The B-52s: short on space, long on thunder
Ellsworth Air Force Base, S.D.
The morning sounds of an office coming to life grow louder as Chuck Holland and his colleagues gather to discuss the coming day's work. Their briefcases stuffed with papers and books, thermos bottles and sandwiches, could easily belong to young lawyers or accountants.
But their workplace this day is out across the flight line at a US air force base. A chilly, windswept space separates them from most Americans in what they do but brings them very close to an increasingly common concern: how to prevent nuclear war.

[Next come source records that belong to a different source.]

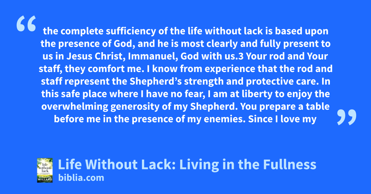 What would it be like to live without fear? Join renowned philosopher Dallas Willard as he shares the biblically-backed secret to living with true contentment, peace, and security. In Life Without Lack, Dallas Willard revolutionizes our understanding of Psalm 23 by taking this comfortably familiar passage and revealing its extraordinary promises: "The Lord is my shepherd, I shall not want...Yea,...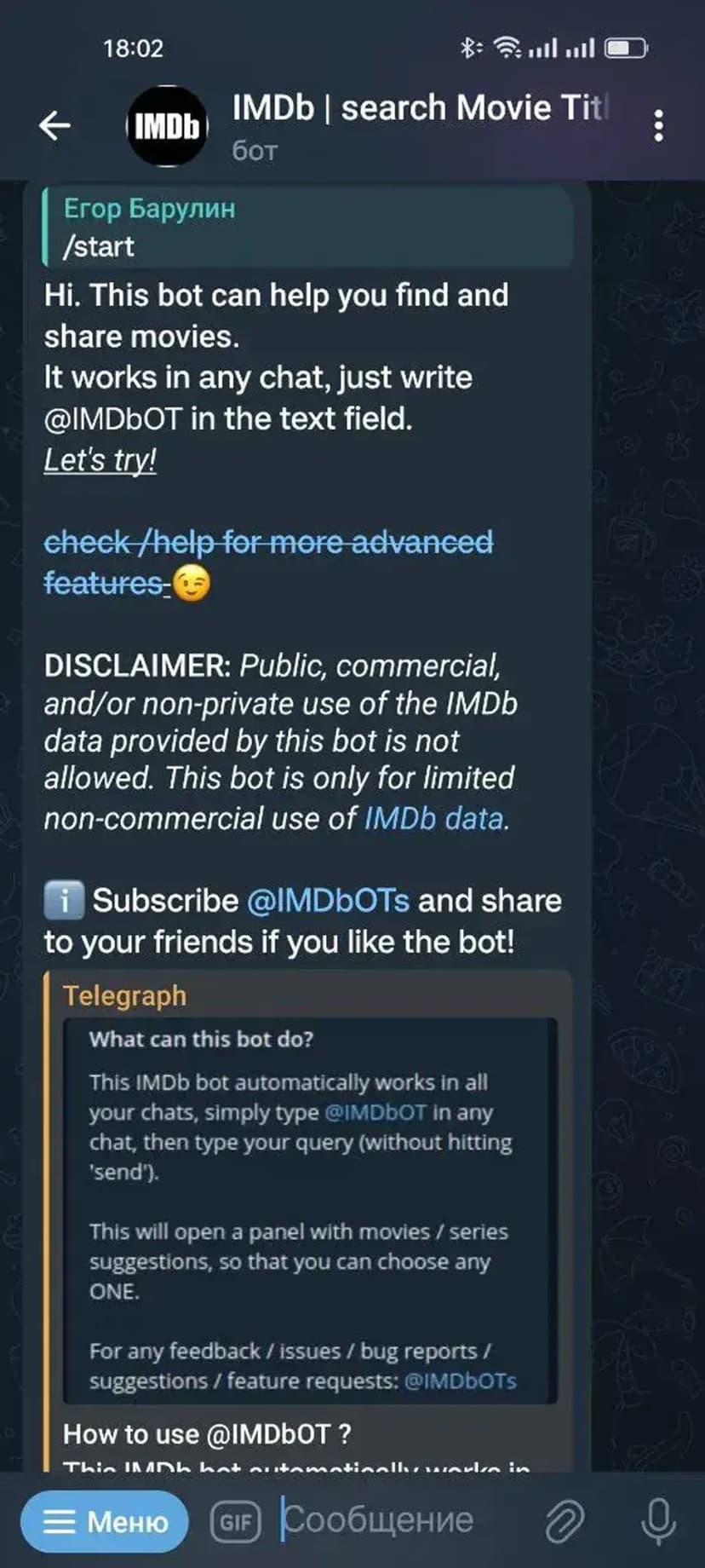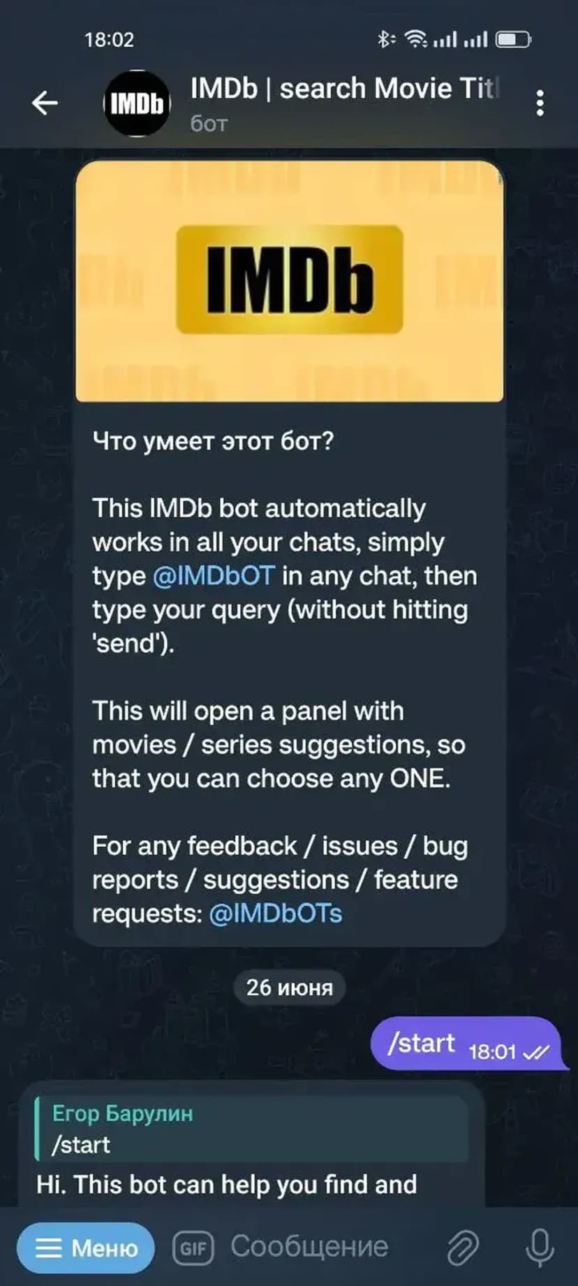 *Нажимая "Открыть в Telegram", вы перейдете к приложению IMDb - search Movie Titles, TVEpisodes, Celebs в мессенджере Telegram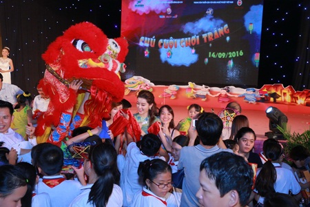 Á hậu Huyền My cùng với nhiều nghệ sĩ khác như Quốc Hùng, Diễm Hằng, Hà Đan, Huy Bách….MC Thanh Vân Hugo, MC Anh Duy đã có mặt tại đêm từ thiện, cùng chung tay đem lại niềm vui cho các em nhỏ vào lễ Trung thu.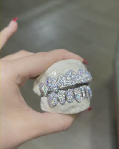 Each grill is made from your mold for a flawless custom fit and showcases the brilliance of SI1 clarity diamonds β offering noticeable sparkle with natural character. The zigzag/honeycomb setting stacks the stones tight, catching light from every angle.
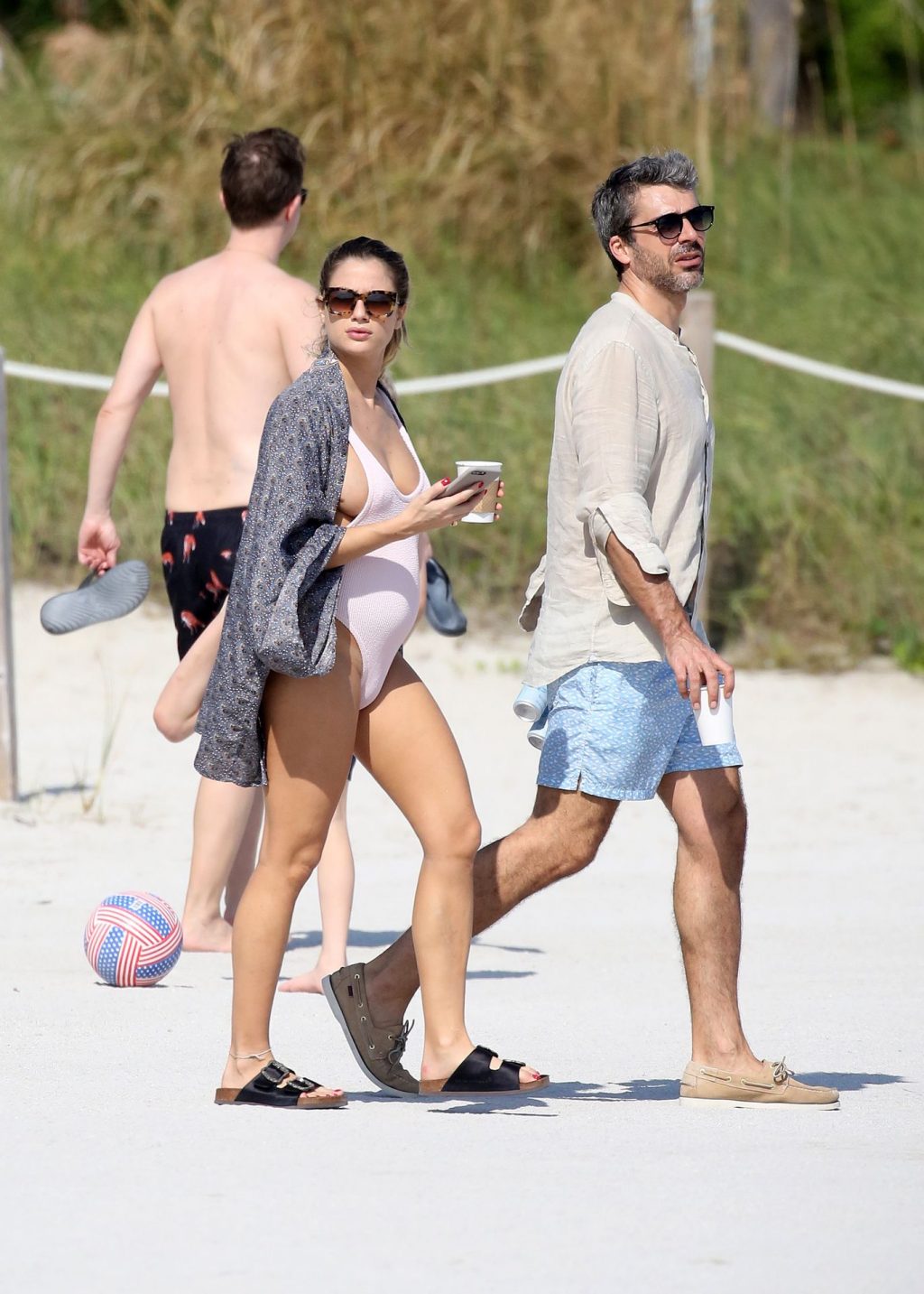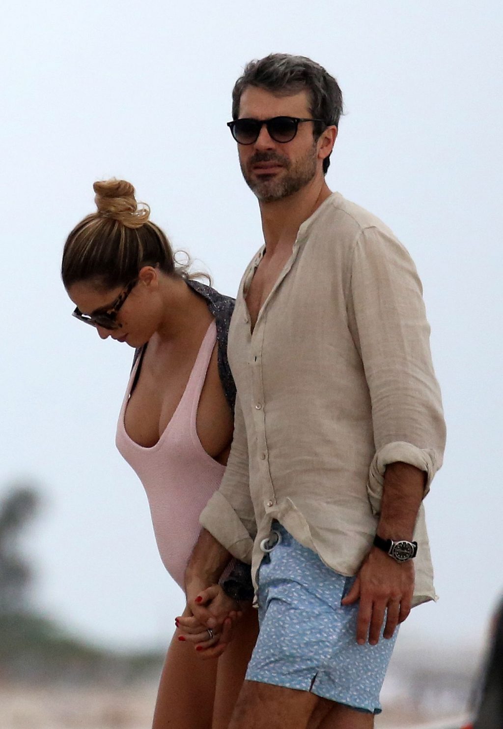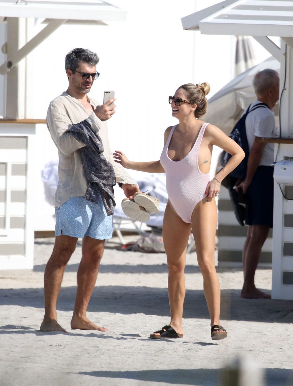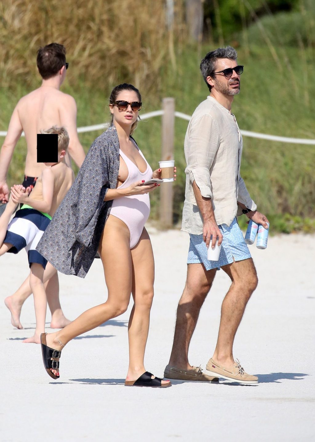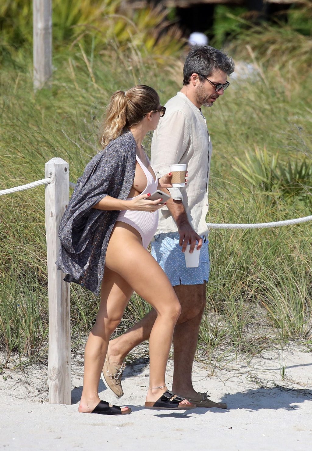 L’actrice Cristina Marino montre son ventre arrondi et toutes ses nouvelles courbes dans un maillot de bain très révélateur alors qu’elle se rend à la plage avec Luca Argentero à Miami le jour de la Saint-Sylvestre, le 31/12/2019.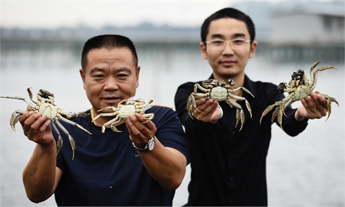 Deliverymen and a crab farmer package crabs in Huzhou, East China's Zhejiang Province, ahead of the National Day holidays. The mobile refrigerators visit rural areas to speed up delivery times and support China's robust e-commerce business in the crab season. Photo: cnsphoto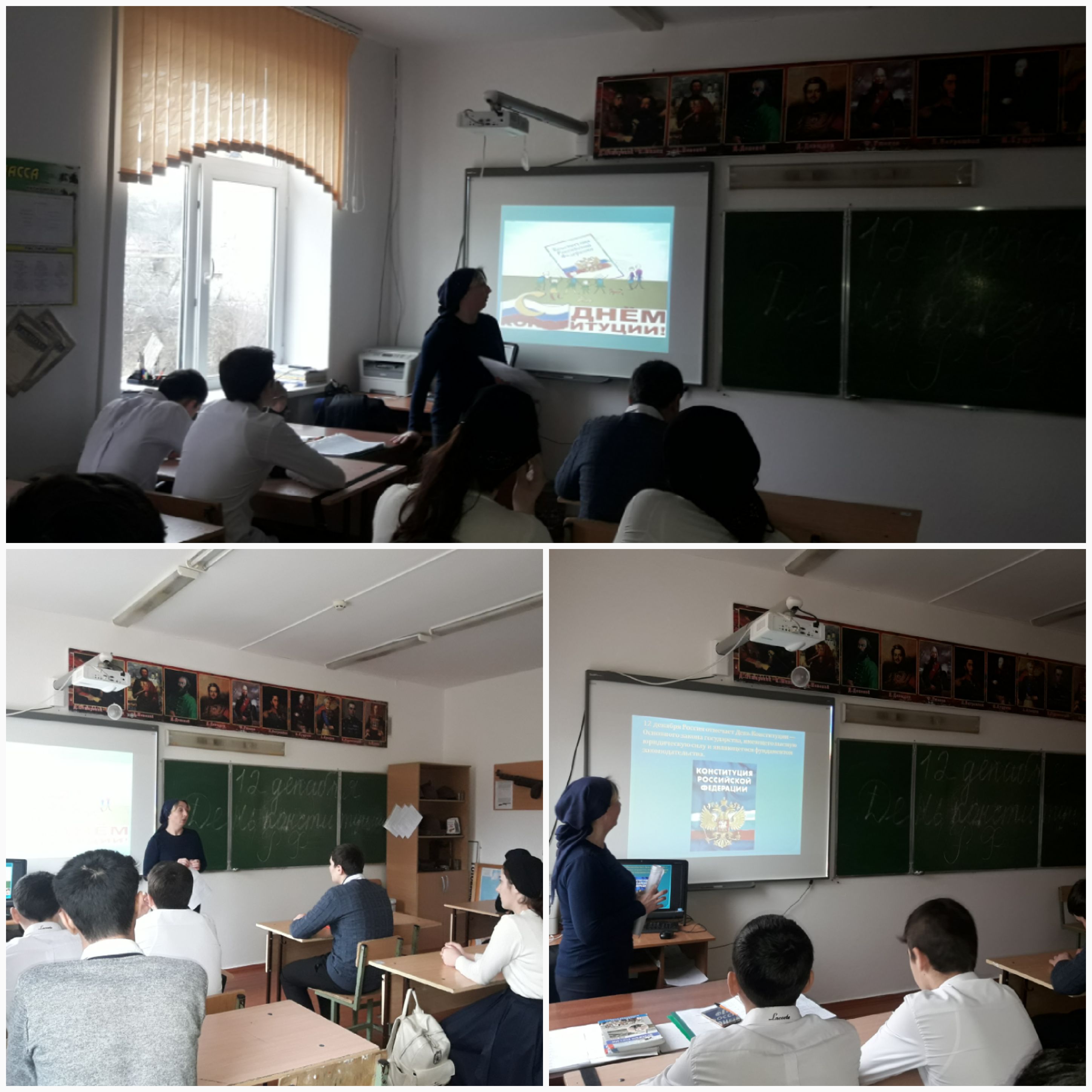 12.12.201812 декабря с целью гражданского и патриотического воспитания в День Конституции Российской Федерации в МБОУ "СОШ с.Булгат-Ирзу им. Х.А.Арзамиева" прошло мероприятие с обучающимися 7-9 класса. Для них была организованна интеллектуальная игра-викторина, посвящённая принятию основного документа Российской Федерации 1992 года. Обучающиеся отвечали на вопросы викторины в режиме «мозгового штурма» за 1 минуту, разрешали проблемные ситуации правового характера. Хочется отметить, что такая форма проведения мероприятия хорошо организовывала и обучала взаимодействию обучающихся в командах разновозрастного состава, способствовала освоению разных форм извлечения и оформления информации.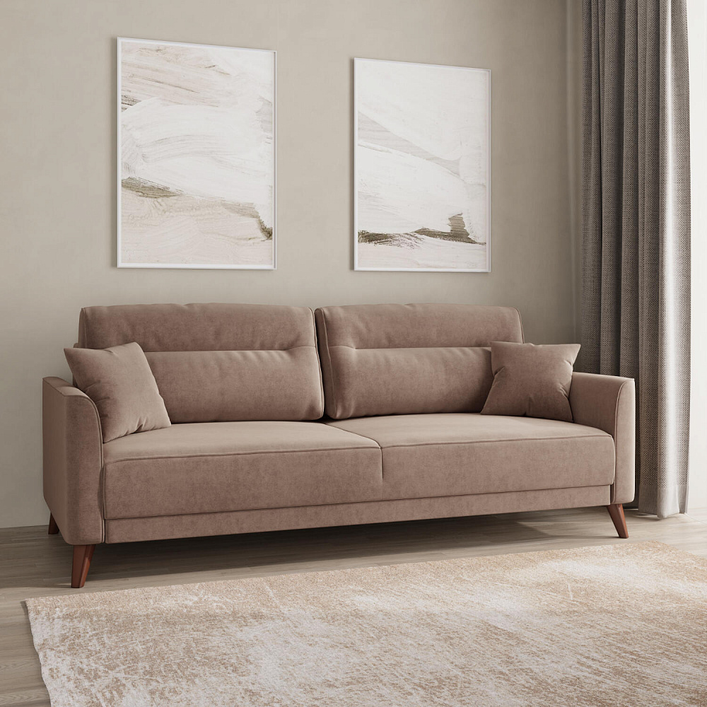 Диван «Монз» с глубокой посадкой оснащён механизмом трансформации и большим бельевым коробом. Дизайн отличается оригинальной строчкой на сиденье и приспинных подушках, декоративными подушками в комплекте и узкими подлокотниками. Высокие опоры визуально облегчают конструкцию дивана и открывают доступ к уборке пространства под ним.

Captain Holland is a bomber pilot. At 29 he is the ''old man'' of a crew of six young men prepared to drop and launch in a single flight more destructive power than 100 Hiroshimas would have seen.
They fly Boeing's B-52 Stratofortress, known among crew members as the ''Buff ,'' for ''Big Ugly Fat Fellow.'' Decked out somewhat uncomfortably in parachutes , helmets, and oxygen masks, two journalists have joined this day's training mission. They are trying to find out something about the airplane some say should be relegated to the Smithsonian Institution and about the crews, whose members often are younger than the planes they fly.
Our craft this cold, lowering South Dakota morning is a B-52H, the newest B- 52 and last delivered to the Air Force 21 years ago. That means Chuck Holland and company probably were concentrating on the TV program ''Leave it to Beaver, '' Little League baseball, and the mysteries of long division when their bomber first entered service some 9,000 flight hours ago.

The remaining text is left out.